Lyric Theatre to be beautified
Plans for redecorating and beautifying the Lyric Theatre, Farmington, were announced today by Udell Gill, manager. Actual work in this project is getting underway immediately and will be rushed to completion within a week’s time.
Making the Lyric Theatre a more attractive center of entertainment is another of the promises which the present owners of the showhouse have made and fulfilled to raise the standards of theatrical amusement here.
Since the Gil brothers took over the Lyric and Udell Gill moved here to manage the house they have installed new RCA High Fidelity sound system, a brand new “music master” screen and various other improvements.
100 years ago
From the Oct. 4, 1912
edition of the
Dakota County Tribune
C.S. Bullard killed
C.S. Bullard, living half a mile west of town, was hit by the northbound passenger, train on the F. & M. Tuesday evening at 9:15 and received injuries from which he died an hour later.
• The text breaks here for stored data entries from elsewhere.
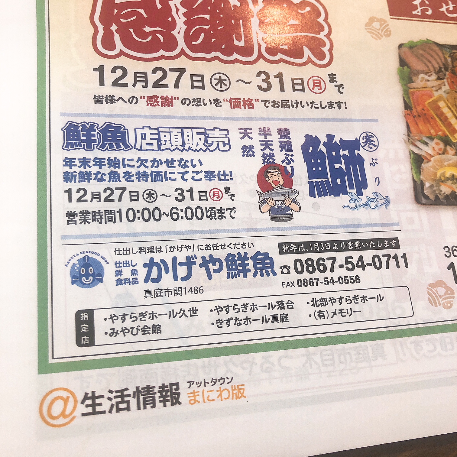 本年の最終版ですアットタウン折込版は毎月第4土曜日に折込、県北の新聞53,350部 ポスティング5,...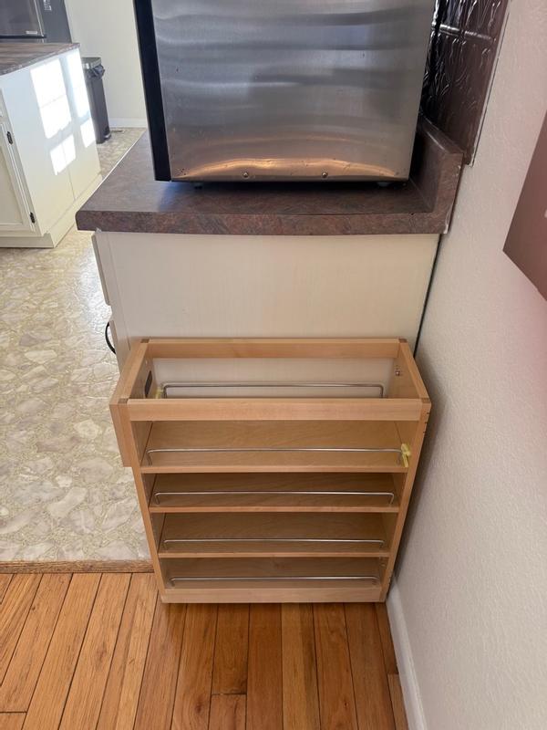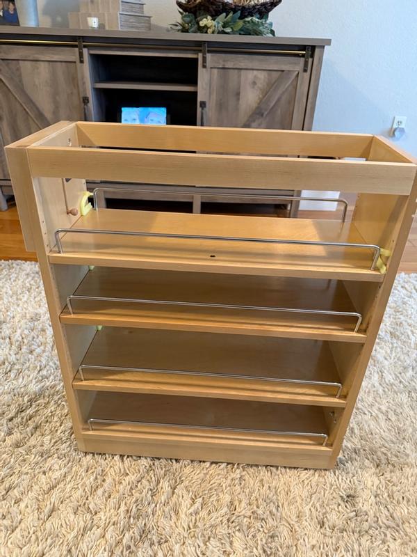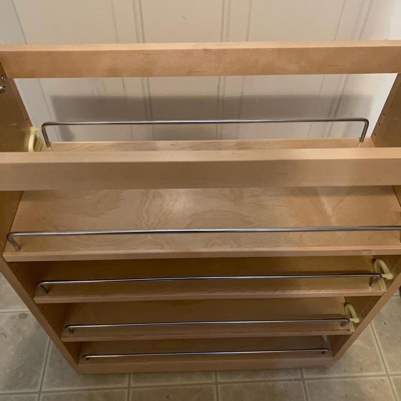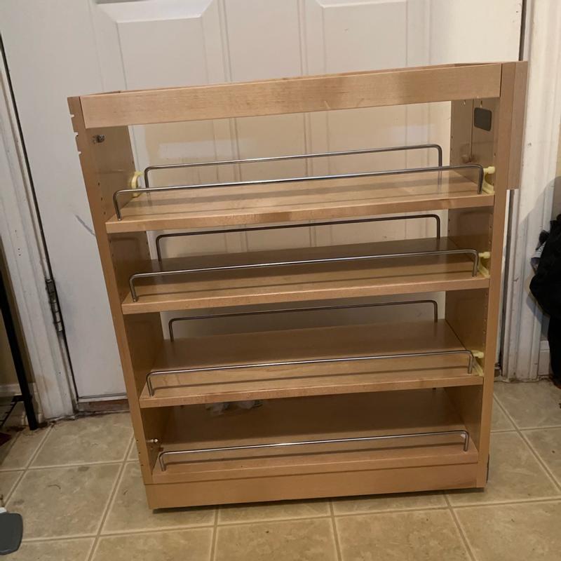 I received this product and was very excited to install it, but my cabinets are to short. So, with that being said we are building another cabinet and then placing this pull out organizer in it. The wood work is gorgeous and it is heavy! The cabinet is made extremely well.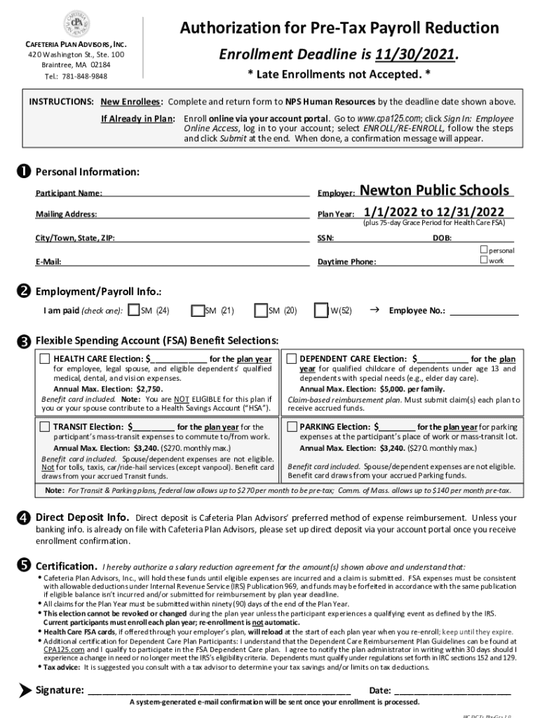 Authorization for Pretax Payroll Reduction CAFETERIA PLAN ADVISORS, INC. Enrollment Deadline is 11/30/2021.420 Washington St., Ste. 100 Braintree, MA 02184 Tel.: 7818489848* Late Enrollments not Accepted.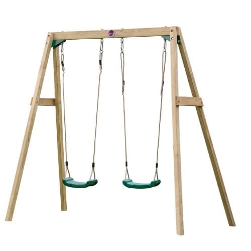 Plumโs classic Wooden Double Swing Set is perfectly sized for two.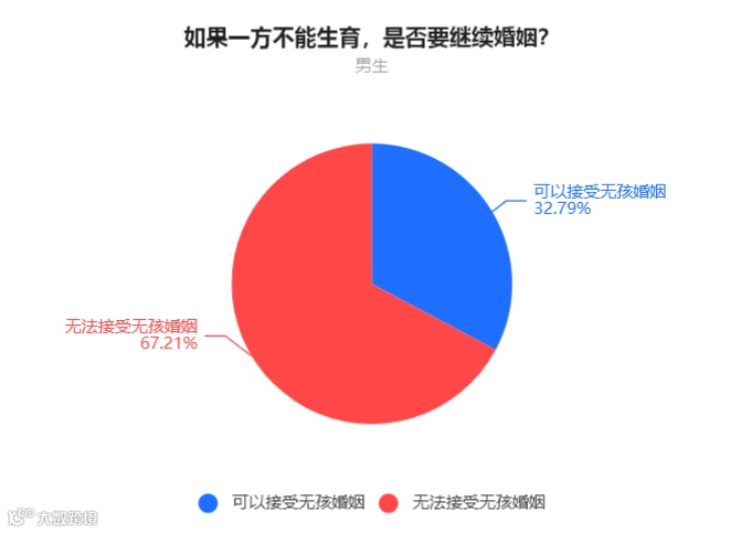 男生中,67.21%的人表示无法接受无孩婚姻,32.79%的人表示可以接受无孩婚姻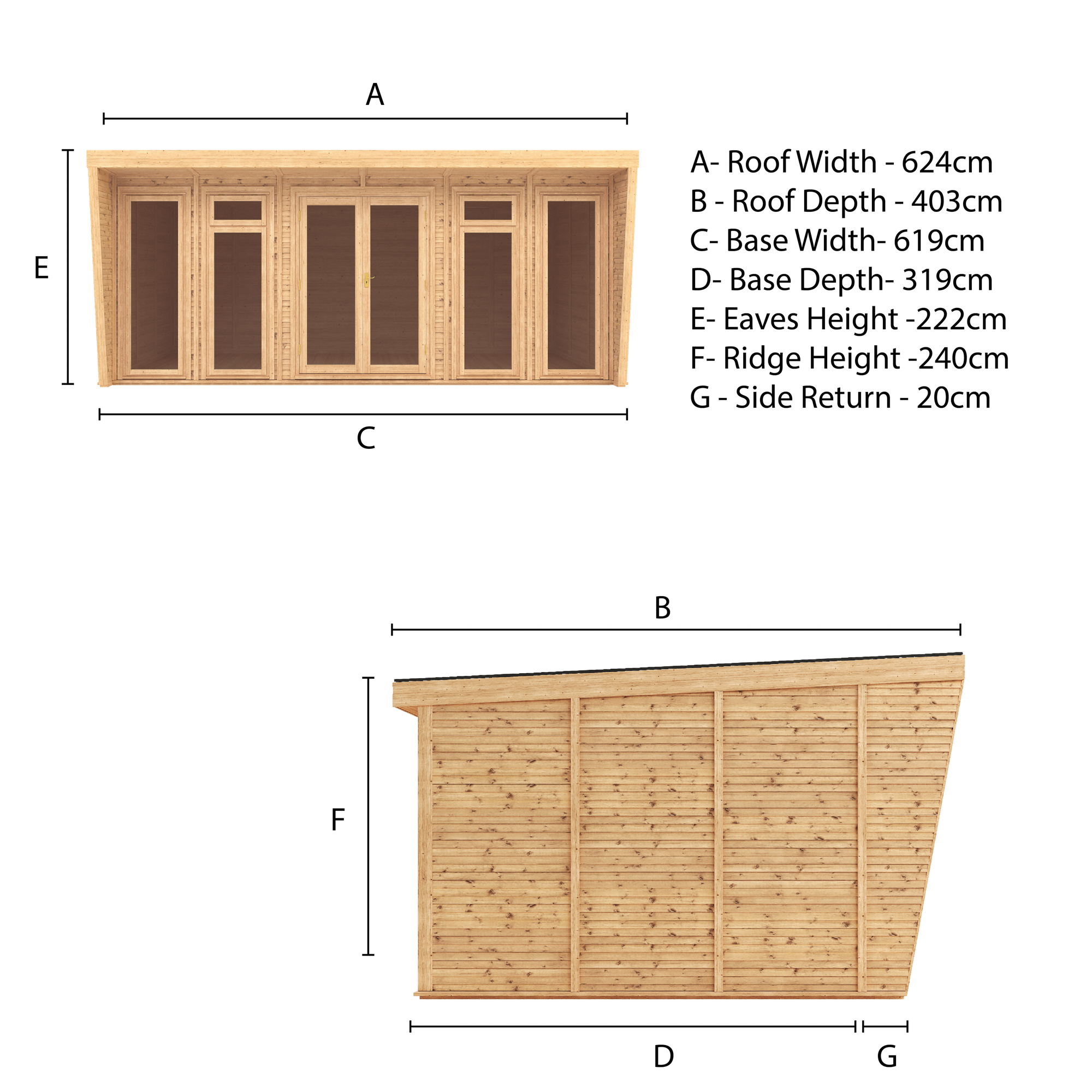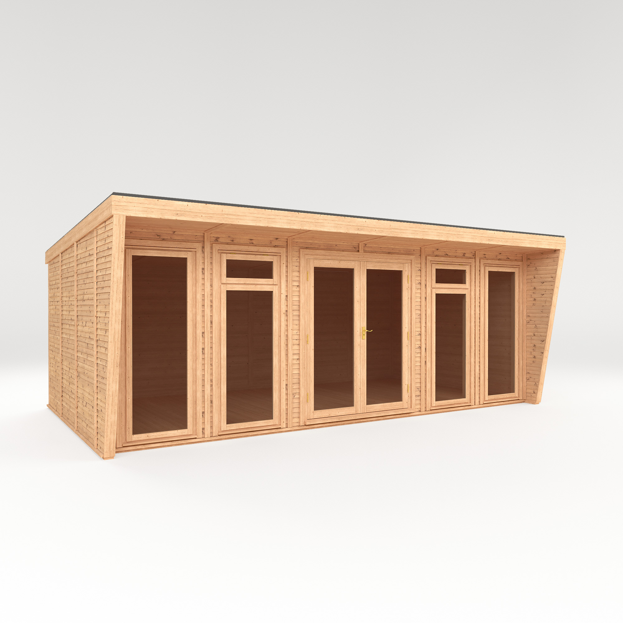 This 6m x 3m garden room boasts an architecturally stunning exterior, with clean angles and a geometric shape. Our unique wing design creates an ultra-modern and stylish aesthetic, guaranteed to become a feature within your garden. The wings create a sheltered porch to the front of the building, perfect for rainy days or for added shelter in the summer. Manufactured to order here in the UK by our highly skilled team, using only the highest quality materials, you can be confident in the quality.
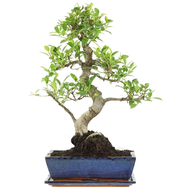 12 Jahre alte Banyan-Feige (Ficus) in einer Bonsaischale. Dieser Bonsai ist ca. 53cm hoch und wird mit einem Untersetzer geliefert.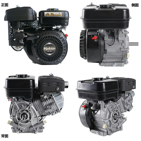 本体の色は指定できません。予めご了承ください。 信頼性と耐久性で定評あるロビンCC(旧スバル)のEX型ガソリンエンジンです。 耐摩耗性に優れたチェーン駆動オーバーヘッドカム(OHC)構造を採用。不快な高周波音を大幅にカットし、マイナス10度の環境下でもケッチン無く確実なエンジン始動します。発電機・高圧洗浄機・建機・土木・農機・林業など、幅広い製品に搭載されています。 特長 騒音低減!不快な高周波カット! 既存の同クラスエンジンと比べ騒音値を約2dBA低減。更に、不快な高周波音を大幅にカットで心地よい音に。 簡単!一発始動! 軽いリコイル操作で簡単・確実な始動を実現。マイナス10度の環境下でもケッチン無く、確実なエンジン始動。 伸びが少なく耐摩耗性に優れたOHC構造 信頼性の高いチェーン駆動のオーバーヘッドカム(OHC)構造。伸びが少なく、耐摩耗性に優れたチェーン採用。 優れた基本性能 最適な燃焼室・ストレートな吸気ポート設計によるハイパワーと経済性の両立。 仕様 モデル EX13D 種類 直結型 形式 空冷4サイクル傾斜形単気筒OHCガソリンエンジン 排気量 126mL 連続定格出力 1.9kW(2.6HP)/3000rpm 2.2kW(3.0HP)/3600rpm 最大出力 3.2kW(4.3HP)/4000rpm 最大トルク 8.1N・m/2500rpm シャフト径 φ18 回転方向 左 (出力軸側より見て) 使用燃料 自動車用無鉛ガソリン 燃料タンク容量 2.3L 始動方式 リコイル式 乾燥質量 約14kg 寸法 長297×幅341×高318mm 寸法図 型式 EX13-2B(1/2減速型) EX13D(直結型) 回転数 1800~2000rpm 3000~3600rpm 用途 動力噴霧器・運搬車・ポンプなど 建設機械・プレート・ランマー・カッターなど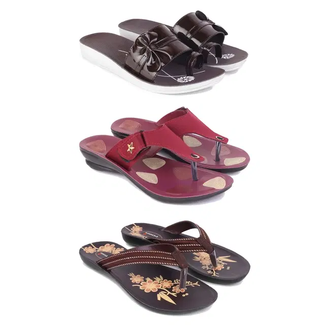 Flats for Women, Set of 3 (Multicolor, 8)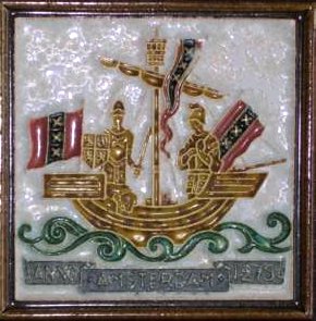 Anno AMSTERDAM 1275 Old wax seal of Amsterdam, depicting a vessel called a “cog”. The tile was issued on the 650th anniversary of Amsterdam |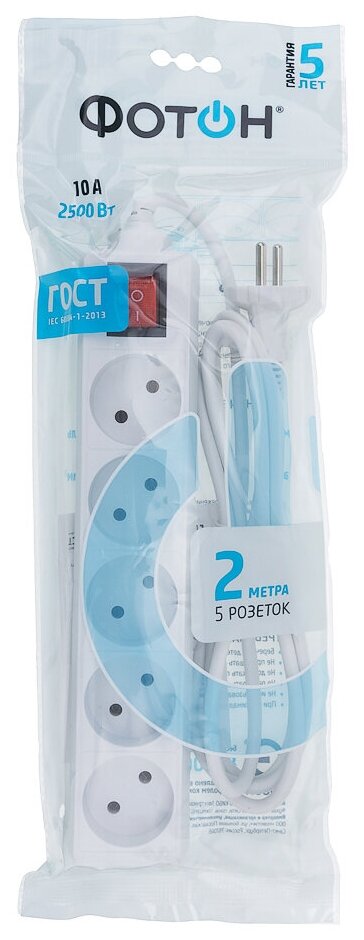 Фотон Удлинитель сетевой 10-25S, 2м, 5 розеток, 10А, Белый 21117 . информация: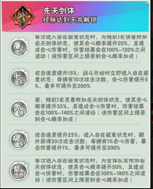 3脉+目标数量,增加会心概率35,此时,小剑仙在开剑匣(自在状态)105会心率,并提高了会心伤害上限,此时是小完全体了。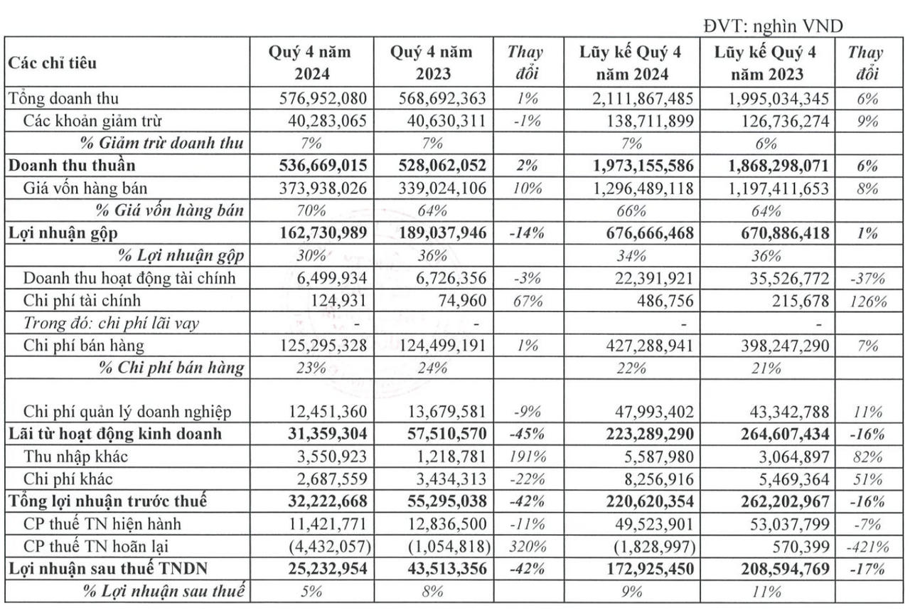 Trong khi doanh thu tăng nhẹ 2%, lợi nhuận sau thuế quý IV chỉ đạt 25 tỷ đồng, giảm mạnh 42% so với cùng kỳ năm ngoái.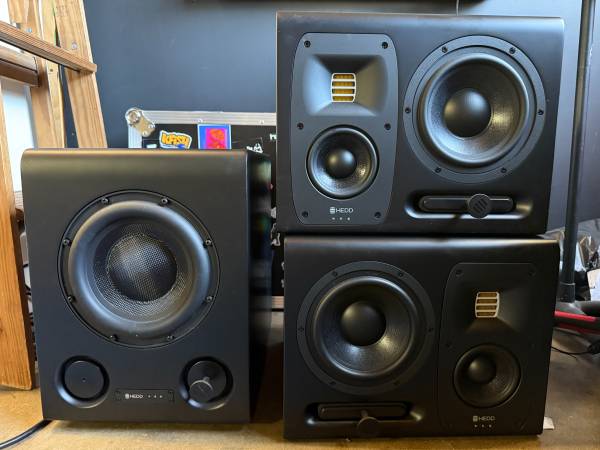 I'm the original owner, these have been kept in a smoke-free studio for the past 3 years. Speakers are like-new, sub has some residue from masking tape on the back (see pics) but otherwise like new.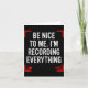 Be Nice To Me I’m Recording Everything Funny Quote Karte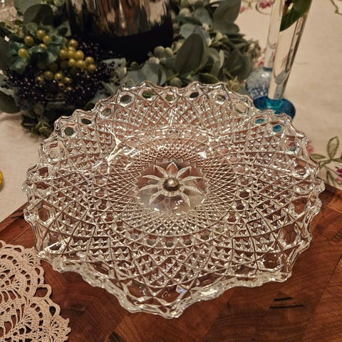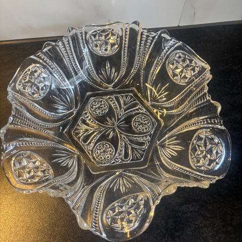 Glassbolle med dekorativt slipemønster og gulfargede blomsterdetaljer. Bollen står på små glassføtter og har bølget kant øverst. Egner seg til servering av frukt, snacks eller som pyntegjenstand på bord eller skjenk.

Mr. Bullard had just finished his trading at the stores and was driving home when caught on the crossing on George Seal’s farm at the edge of town. He was driving a cole and it is thought the horse stopped when the rays of the headlight struck it and stood upon the track until struck by the engine. This, in all probability, is true as the engineer says when he first saw him he was whipping the horse, but did not say whether it was moving or not.
The buggy was hit a trifle ahead of the center and carried fully 100 feet and crushed and the unfortunate man was found lying possibly twenty feet away in an unconscious condition. He was dragged across the cattle guard and very likely received injuries from this as blood was found on one of the bars....
The engineer stopped the train and backed up and brought him to the depot and carried on a stretcher to Dr. Sanford’s office where Drs. Sanford and Dodge labored over him until a few minutes before he died....
Shortly after he died, Rev. and Mrs. Johnston and Dr. Day drove out in an auto and told the children of their father’s death....
Mrs. Bullard contracted tuberculosis and died only a little over a year ago one of the boys was accidently killed by the discharge of a rifle....
The children, who are now left alone in the world, have the sympathies of many friends and will be looked after and cared for.